◆ Exercise materials ◆
....................

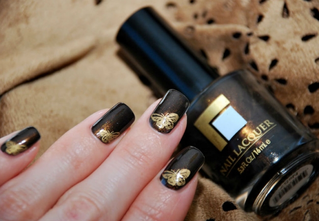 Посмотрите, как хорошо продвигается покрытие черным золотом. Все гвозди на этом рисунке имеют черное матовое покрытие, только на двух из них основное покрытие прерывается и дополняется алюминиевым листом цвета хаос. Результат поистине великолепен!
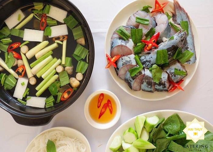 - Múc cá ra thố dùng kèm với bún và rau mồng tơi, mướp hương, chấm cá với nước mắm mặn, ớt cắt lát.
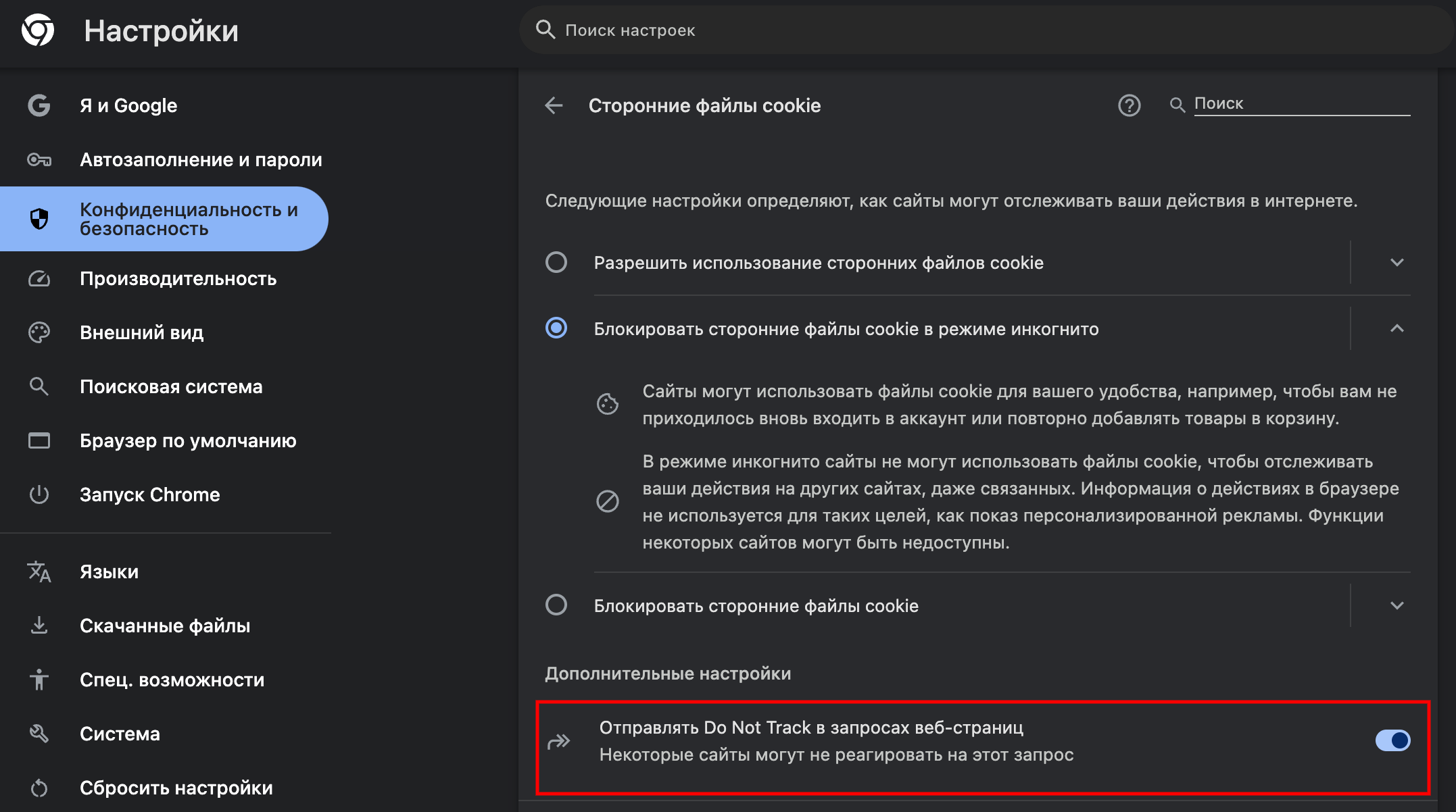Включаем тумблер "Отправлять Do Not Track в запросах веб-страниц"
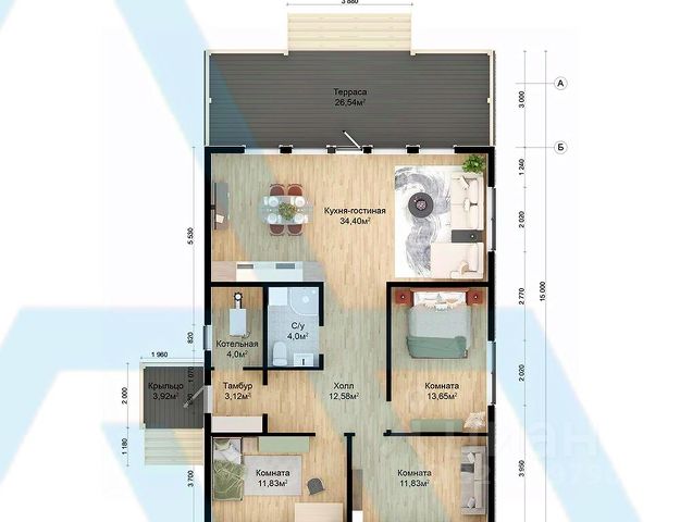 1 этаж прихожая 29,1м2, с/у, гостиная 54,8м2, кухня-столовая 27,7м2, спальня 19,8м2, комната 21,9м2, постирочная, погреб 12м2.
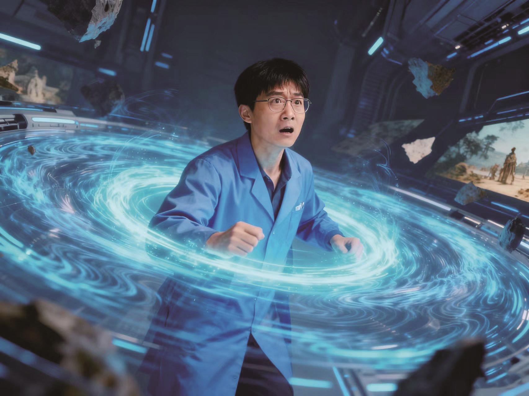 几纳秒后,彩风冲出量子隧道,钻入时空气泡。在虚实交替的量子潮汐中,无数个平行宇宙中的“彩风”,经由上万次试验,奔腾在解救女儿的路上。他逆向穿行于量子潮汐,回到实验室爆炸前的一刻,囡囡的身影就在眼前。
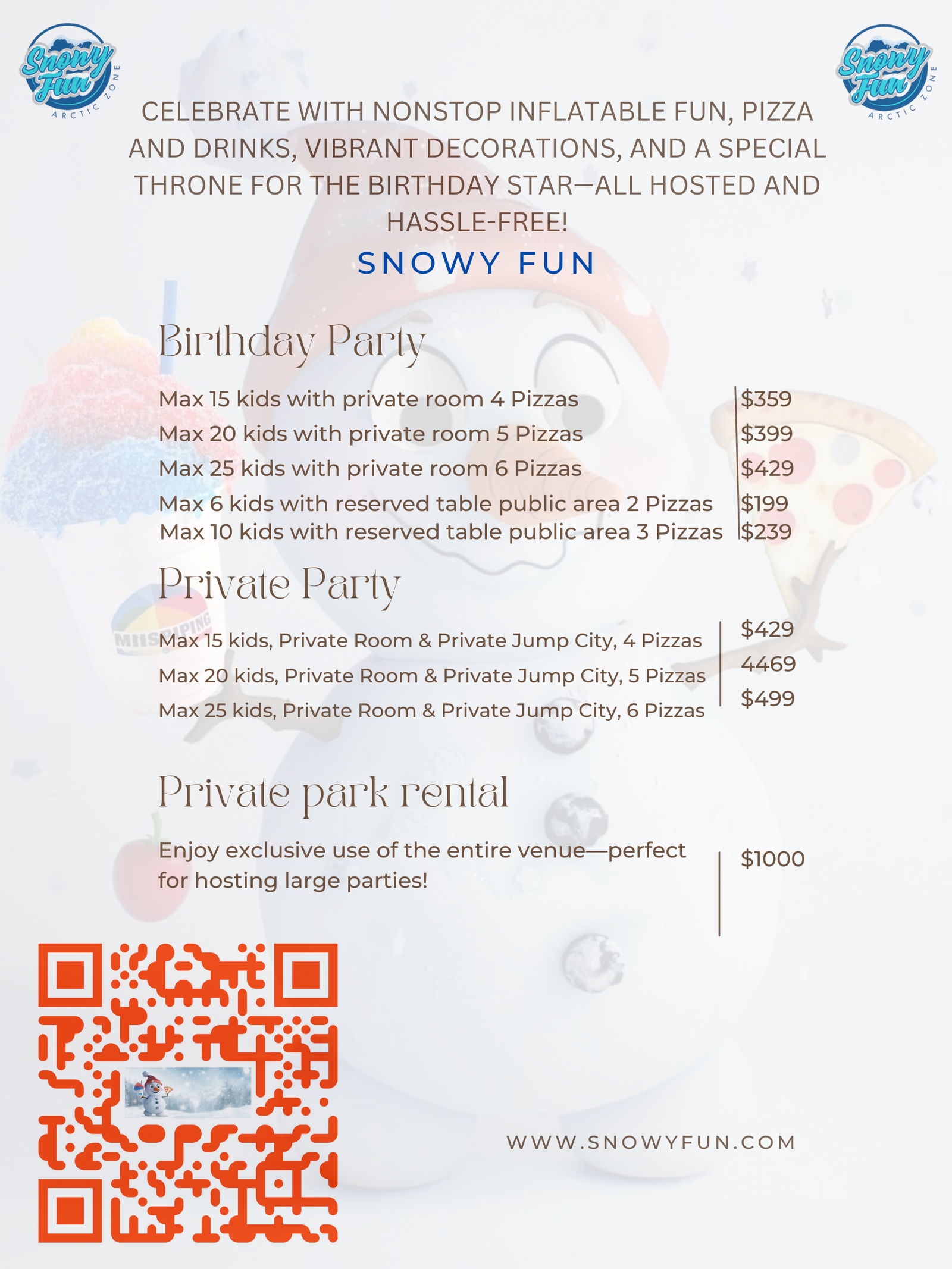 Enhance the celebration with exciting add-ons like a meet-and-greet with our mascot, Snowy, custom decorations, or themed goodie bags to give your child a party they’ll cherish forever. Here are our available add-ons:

....................

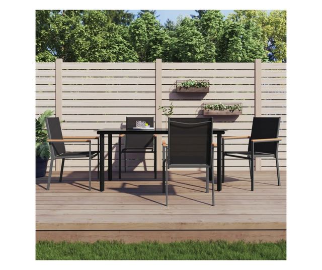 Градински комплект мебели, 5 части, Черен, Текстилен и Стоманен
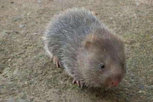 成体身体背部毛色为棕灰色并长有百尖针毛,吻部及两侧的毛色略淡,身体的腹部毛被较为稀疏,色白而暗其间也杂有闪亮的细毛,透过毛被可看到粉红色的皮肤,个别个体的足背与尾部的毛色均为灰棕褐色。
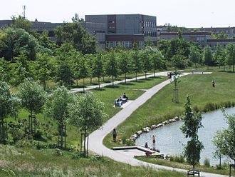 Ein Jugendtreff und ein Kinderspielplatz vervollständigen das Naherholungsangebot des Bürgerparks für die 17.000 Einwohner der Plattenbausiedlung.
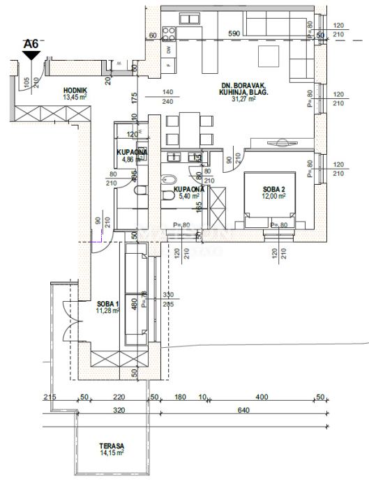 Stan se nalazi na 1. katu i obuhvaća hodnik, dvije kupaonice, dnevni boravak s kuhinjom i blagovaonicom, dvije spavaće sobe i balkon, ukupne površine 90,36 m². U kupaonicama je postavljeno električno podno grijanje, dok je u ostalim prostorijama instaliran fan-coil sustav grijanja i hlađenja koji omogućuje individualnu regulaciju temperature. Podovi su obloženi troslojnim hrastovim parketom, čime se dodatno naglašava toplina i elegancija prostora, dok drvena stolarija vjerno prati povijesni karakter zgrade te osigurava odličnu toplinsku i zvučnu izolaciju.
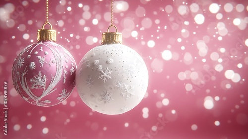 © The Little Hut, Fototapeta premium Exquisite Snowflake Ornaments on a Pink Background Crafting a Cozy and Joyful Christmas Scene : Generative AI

....................

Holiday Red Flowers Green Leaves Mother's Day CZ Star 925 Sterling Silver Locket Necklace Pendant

....................

Give back exactly the lines above from the one with "Do Not Track" through the one with "几纳秒后,彩风冲出量子隧道,钻入时空气泡", both included. Pictures don't belong in the copy.

Включаем тумблер "Отправлять Do Not Track в запросах веб-страниц"
 1 этаж прихожая 29,1м2, с/у, гостиная 54,8м2, кухня-столовая 27,7м2, спальня 19,8м2, комната 21,9м2, постирочная, погреб 12м2.
 几纳秒后,彩风冲出量子隧道,钻入时空气泡。在虚实交替的量子潮汐中,无数个平行宇宙中的“彩风”,经由上万次试验,奔腾在解救女儿的路上。他逆向穿行于量子潮汐,回到实验室爆炸前的一刻,囡囡的身影就在眼前。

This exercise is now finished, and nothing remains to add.